- [DATA RECORDS]
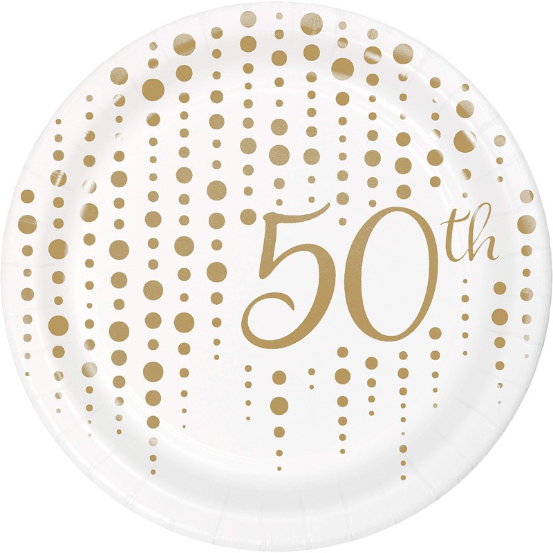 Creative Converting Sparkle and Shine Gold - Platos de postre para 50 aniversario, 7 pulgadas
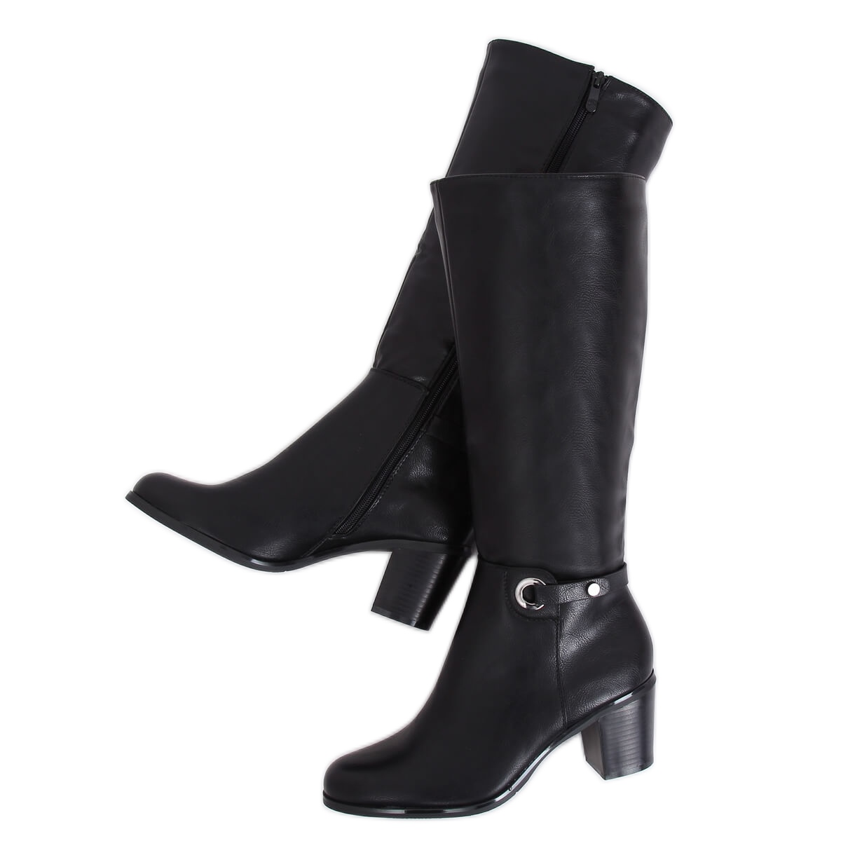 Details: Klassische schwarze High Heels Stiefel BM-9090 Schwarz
--
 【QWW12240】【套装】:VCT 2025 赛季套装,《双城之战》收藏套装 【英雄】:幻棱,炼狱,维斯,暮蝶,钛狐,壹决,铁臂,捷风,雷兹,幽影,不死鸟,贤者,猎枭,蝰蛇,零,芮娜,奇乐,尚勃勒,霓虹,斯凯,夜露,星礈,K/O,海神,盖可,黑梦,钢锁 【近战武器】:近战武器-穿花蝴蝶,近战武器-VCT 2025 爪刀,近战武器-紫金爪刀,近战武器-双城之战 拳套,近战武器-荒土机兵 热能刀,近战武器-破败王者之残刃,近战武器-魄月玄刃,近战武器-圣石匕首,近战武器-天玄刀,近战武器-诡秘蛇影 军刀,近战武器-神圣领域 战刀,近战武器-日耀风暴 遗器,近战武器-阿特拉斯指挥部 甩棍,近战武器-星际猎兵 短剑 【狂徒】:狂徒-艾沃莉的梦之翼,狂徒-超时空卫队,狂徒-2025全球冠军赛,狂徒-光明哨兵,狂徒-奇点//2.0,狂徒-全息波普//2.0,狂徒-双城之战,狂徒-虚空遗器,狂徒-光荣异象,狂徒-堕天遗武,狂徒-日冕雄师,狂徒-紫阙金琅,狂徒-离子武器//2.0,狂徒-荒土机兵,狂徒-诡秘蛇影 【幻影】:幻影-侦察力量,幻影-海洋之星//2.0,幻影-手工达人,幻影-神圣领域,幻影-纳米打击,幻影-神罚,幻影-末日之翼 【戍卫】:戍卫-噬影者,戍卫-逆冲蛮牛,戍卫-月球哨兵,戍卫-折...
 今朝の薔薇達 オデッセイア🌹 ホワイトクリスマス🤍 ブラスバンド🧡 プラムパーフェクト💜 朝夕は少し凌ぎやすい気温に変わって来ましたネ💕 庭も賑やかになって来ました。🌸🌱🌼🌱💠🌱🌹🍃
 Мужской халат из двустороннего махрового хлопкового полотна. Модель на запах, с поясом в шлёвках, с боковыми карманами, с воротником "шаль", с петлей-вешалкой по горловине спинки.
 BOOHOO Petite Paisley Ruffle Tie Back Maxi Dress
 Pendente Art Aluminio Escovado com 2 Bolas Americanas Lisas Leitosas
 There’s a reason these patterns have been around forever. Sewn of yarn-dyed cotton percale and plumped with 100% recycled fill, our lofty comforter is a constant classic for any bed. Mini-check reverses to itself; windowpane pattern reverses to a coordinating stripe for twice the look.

- [YOUR ASSIGNMENT] Within the data above, the lines from the one with "今朝の薔薇達 オデッセイア🌹 ホワイトクリスマス🤍" to the one with "There’s a reason" must be repeated exactly; no other line belongs in the answer.

- [RESPONSE]
 今朝の薔薇達 オデッセイア🌹 ホワイトクリスマス🤍 ブラスバンド🧡 プラムパーフェクト💜 朝夕は少し凌ぎやすい気温に変わって来ましたネ💕 庭も賑やかになって来ました。🌸🌱🌼🌱💠🌱🌹🍃
 Мужской халат из двустороннего махрового хлопкового полотна. Модель на запах, с поясом в шлёвках, с боковыми карманами, с воротником "шаль", с петлей-вешалкой по горловине спинки.
 BOOHOO Petite Paisley Ruffle Tie Back Maxi Dress
 Pendente Art Aluminio Escovado com 2 Bolas Americanas Lisas Leitosas
 There’s a reason these patterns have been around forever. Sewn of yarn-dyed cotton percale and plumped with 100% recycled fill, our lofty comforter is a constant classic for any bed. Mini-check reverses to itself; windowpane pattern reverses to a coordinating stripe for twice the look.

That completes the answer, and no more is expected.